Découverte d’un univers : Les chemins qui mènent à la teuf C’est souvent à l’adolescence que les jeunes choisissent leur voie en façonnant leur identité. Divine période où l’on rencontre des amis d’attaches, auxquels on s’identifie. Cependant, la jeunesse, aujourd‘hui, évolue dans un contexte particulier où les rites de passages ne sont plus aussi facilement validés qu’à une époque. C’est sans doute pour cela que l’intérêt que les jeunes accordent au groupe dépasse souvent celui accordé à leur scolarité. Les jeunes perçoivent bien le climat dans lequel ils vont évoluer vers l’âge adulte, dans une société en perte de valeurs. David Lebreton montre dans « Passions du risque » que le baccalauréat, le service militaire, les diplômes supérieurs et le mariage, sont autant d’étapes qui ont chacune perdue de l’importance et de la valeur au sein de notre société.

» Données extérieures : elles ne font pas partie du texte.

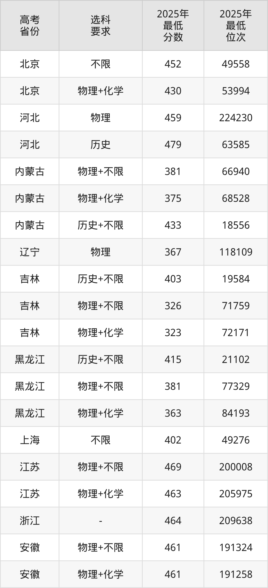 在2025年吉林高考物理类招生时,公办本科收分最低的是内蒙古民族大学第007组,最低分是170分、位次是78981位。再看长春建筑学院,2025年在吉林物理类的最低录取分数线是323分,最低位次是72171位。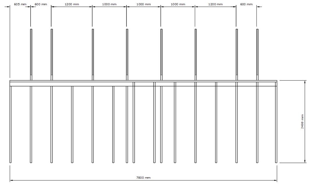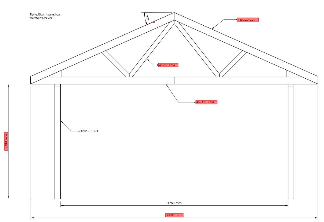 Befintliga takstolar har 6m spännvidd och under- och överram är byggd med konstruktionsvirke C24 45x120 med spikplåtar i samtliga skarvar (inkl underramens mittskarv) enl skiss. På taket ligger råspont och betongpannor. Som längst är det 1,2m mellan takstolarna (de yttre). De inre ligger tätare med 1,0m.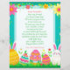 Add your child's name to this customizable letter from the Easter Bunny. On the back is some fun questions for your child to answer. Cute pink, teal, yellow and green letter with Easter eggs, bunny, carrots, flowers i pastel colors.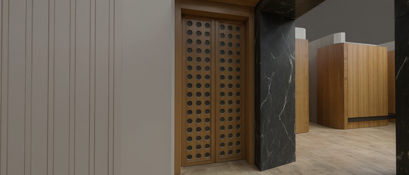 this is a bathroom two square sinks with a floating vanity light stone fronts and a long horizontal mirror maintain the light beige wall texture the wood door in the center and the glass shower enclosure on the right on the left keep the open shelving and dark cabinetry the floor is the same texture as the one on the sinks there is a recessed skylight on the ceiling use realistic materials soft daylight subtle reflections on the mirror and glass and a clean modern atmosphere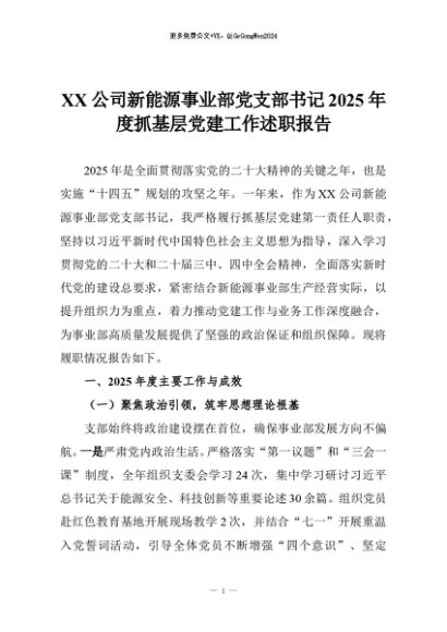 【七哥公文】2025年:XX公司新能源事业部党支部书记2025年度抓基层党建工作述职报告+更多免费公文+VX:QiGeGongWen2024

L’univers techno est en marge des normes et des valeurs régies par notre société. Mon enquête avait pour buts de découvrir les raisons qui poussaient un jeune plus qu’un autre à souhaiter découvrir cet univers et surtout de comprendre les mécanismes amenant chaque teufeur vers une carrière différente : initié, touriste ou seulement satellite de cette microsociété. A l’issu de ce travail de recherche, il me parait évident que la consommation de drogue, les types de fréquentations, la relation à l’entourage proche, l’expérience scolaire ou professionnelle sont des facteurs qui interagissent les uns avec les autres.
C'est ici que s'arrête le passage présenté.